Information shown:
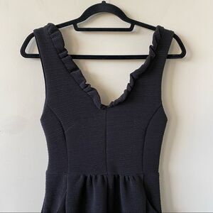 Anthropologie-Maeve Ruffled Ottoman Ribbed V Neck Black Dress (Size:XS)
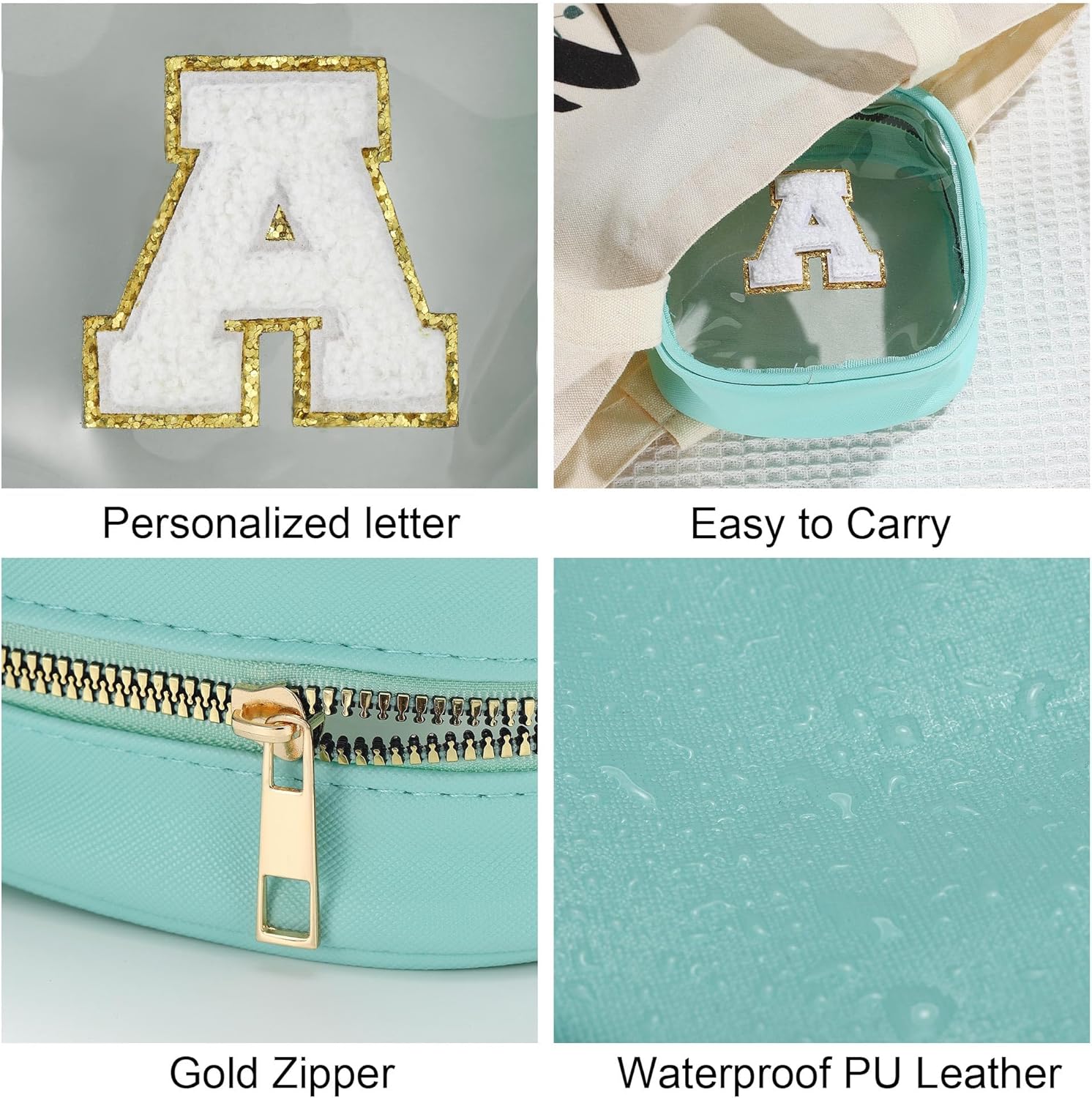 YOOLIFE Initial Make Up Bag Travel Toiletry Bag, Clear Makeup Bag Preppy Cosmetic Bags Organizer Travel Essentials Gifts for Women Teen Girlfriend Teacher Mom Birthday Gifts Small Makeup Bag Blue A
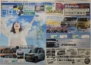 告知が始まった新型スペーシアギアhttps://www.suzuki.co.jp/car/spacia_gear/と新型フロンクスhttps://www.suzuki.co.jp/car/fronx/の早期予約も受け付け中です。
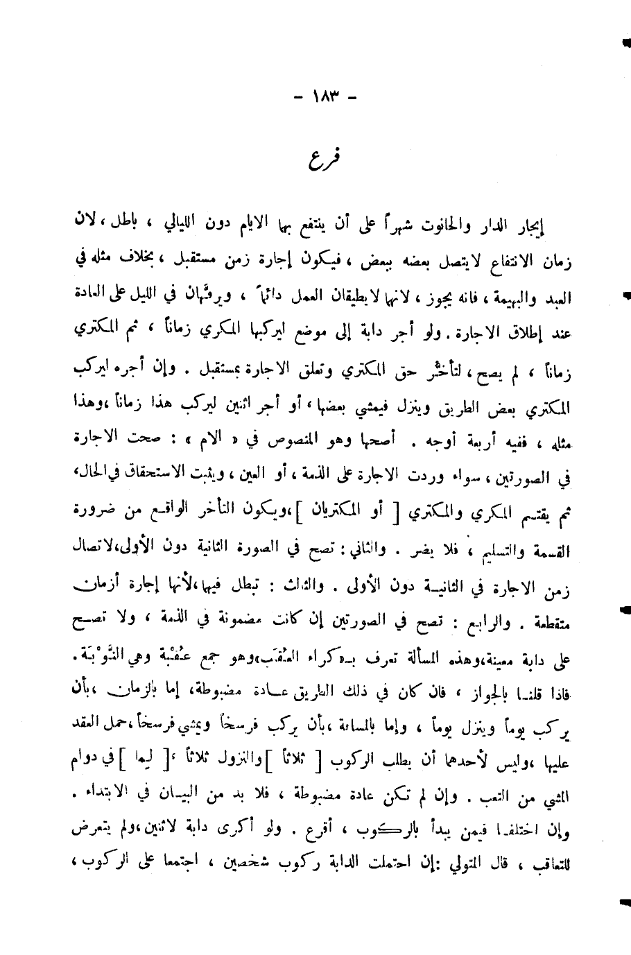 إِيجَارُ الدَّارِ وَالْحَانُوتِ شَهْرًا عَلَى أَنْ يُنْتَفَعَ بِهِمَا الْأَيَّامَ دُونَ اللَّيَالِي، بَاطِلٌ، لِأَنَّ زَمَانَ الِانْتِفَاعِ لَا يَتَّصِلُ بَعْضُهُ بِبَعْضٍ، فَيَكُونُ إِجَارَةُ زَمَنٍ مُسْتَقْبَلٍ، بِخِلَافِ مِثْلِهِ فِي الْعَبْدِ وَالْبَهِيمَةِ، فَإِنَّهُ يَجُوزُ، لِأَنَّهُمَا لَا يُطِيقَانِ الْعَمَلَ دَائِمًا، وَيُرَفَّهَانِ فِي اللَّيْلِ عَلَى الْعَادَةِ عِنْدَ إِطْلَاقِ الْإِجَارَةِ. وَلَوْ أَجَّرَ دَابَّةً إِلَى مَوْضِعٍ لِيَرْكَبَهَا الْمُكْرِي زَمَانًا، ثُمَّ الْمُكْتَرِي زَمَانًا، لَمْ يَصِحَّ، لِتَأَخُّرِ حَقِّ الْمُكْتَرِي وَتَعَلُّقِ الْإِجَارَةِ بِمُسْتَقْبَلٍ. وَإِنْ أَجَّرَهُ لِيَرْكَبَ الْمُكْتَرِي بَعْضَ الطَّرِيقِ وَيَنْزِلَ فَيَمْشِيَ بَعْضَهَا، أَوْ أَجَّرَ اثْنَيْنِ لِيَرْكَبَ هَذَا زَمَانًا، وَهَذَا مِثْلَهُ، فَفِيهِ أَرْبَعَةُ أَوْجُهٍ. أَصَحُّهَا وَهُوَ الْمَنْصُوصُ فِي «الْأُمِّ» : صَحَّتِ الْإِجَارَةُ فِي الصُّورَتَيْنِ، سَوَاءٌ وَرَدَتِ الْإِجَارَةُ عَلَى الذِّمَّةِ، أَوِ الْعَيْنِ، وَيَثْبُتُ الِاسْتِحْقَاقُ فِي الْحَالِ، ثُمَّ يَقْتَسِمُ الْمُكْرِي وَالْمُكْتَرِي [أَوِ الْمُكْتَرِيَانِ] ، وَيَكُونُ التَّأَخُّرُ الْوَاقِعُ مِنْ ضَرُورَةِ الْقِسْمَةِ وَالتَّسْلِيمِ، فَلَا يَضُرُّ.

What you have to do:
I need the lines from the line containing "告知が始まった新型スペーシア" through the final line of the listing duplicated exactly, both ends included, with no pictures and nothing else.

Exercise result:
 告知が始まった新型スペーシアギアhttps://www.suzuki.co.jp/car/spacia_gear/と新型フロンクスhttps://www.suzuki.co.jp/car/fronx/の早期予約も受け付け中です。
 إِيجَارُ الدَّارِ وَالْحَانُوتِ شَهْرًا عَلَى أَنْ يُنْتَفَعَ بِهِمَا الْأَيَّامَ دُونَ اللَّيَالِي، بَاطِلٌ، لِأَنَّ زَمَانَ الِانْتِفَاعِ لَا يَتَّصِلُ بَعْضُهُ بِبَعْضٍ، فَيَكُونُ إِجَارَةُ زَمَنٍ مُسْتَقْبَلٍ، بِخِلَافِ مِثْلِهِ فِي الْعَبْدِ وَالْبَهِيمَةِ، فَإِنَّهُ يَجُوزُ، لِأَنَّهُمَا لَا يُطِيقَانِ الْعَمَلَ دَائِمًا، وَيُرَفَّهَانِ فِي اللَّيْلِ عَلَى الْعَادَةِ عِنْدَ إِطْلَاقِ الْإِجَارَةِ. وَلَوْ أَجَّرَ دَابَّةً إِلَى مَوْضِعٍ لِيَرْكَبَهَا الْمُكْرِي زَمَانًا، ثُمَّ الْمُكْتَرِي زَمَانًا، لَمْ يَصِحَّ، لِتَأَخُّرِ حَقِّ الْمُكْتَرِي وَتَعَلُّقِ الْإِجَارَةِ بِمُسْتَقْبَلٍ. وَإِنْ أَجَّرَهُ لِيَرْكَبَ الْمُكْتَرِي بَعْضَ الطَّرِيقِ وَيَنْزِلَ فَيَمْشِيَ بَعْضَهَا، أَوْ أَجَّرَ اثْنَيْنِ لِيَرْكَبَ هَذَا زَمَانًا، وَهَذَا مِثْلَهُ، فَفِيهِ أَرْبَعَةُ أَوْجُهٍ. أَصَحُّهَا وَهُوَ الْمَنْصُوصُ فِي «الْأُمِّ» : صَحَّتِ الْإِجَارَةُ فِي الصُّورَتَيْنِ، سَوَاءٌ وَرَدَتِ الْإِجَارَةُ عَلَى الذِّمَّةِ، أَوِ الْعَيْنِ، وَيَثْبُتُ الِاسْتِحْقَاقُ فِي الْحَالِ، ثُمَّ يَقْتَسِمُ الْمُكْرِي وَالْمُكْتَرِي [أَوِ الْمُكْتَرِيَانِ] ، وَيَكُونُ التَّأَخُّرُ الْوَاقِعُ مِنْ ضَرُورَةِ الْقِسْمَةِ وَالتَّسْلِيمِ، فَلَا يَضُرُّ.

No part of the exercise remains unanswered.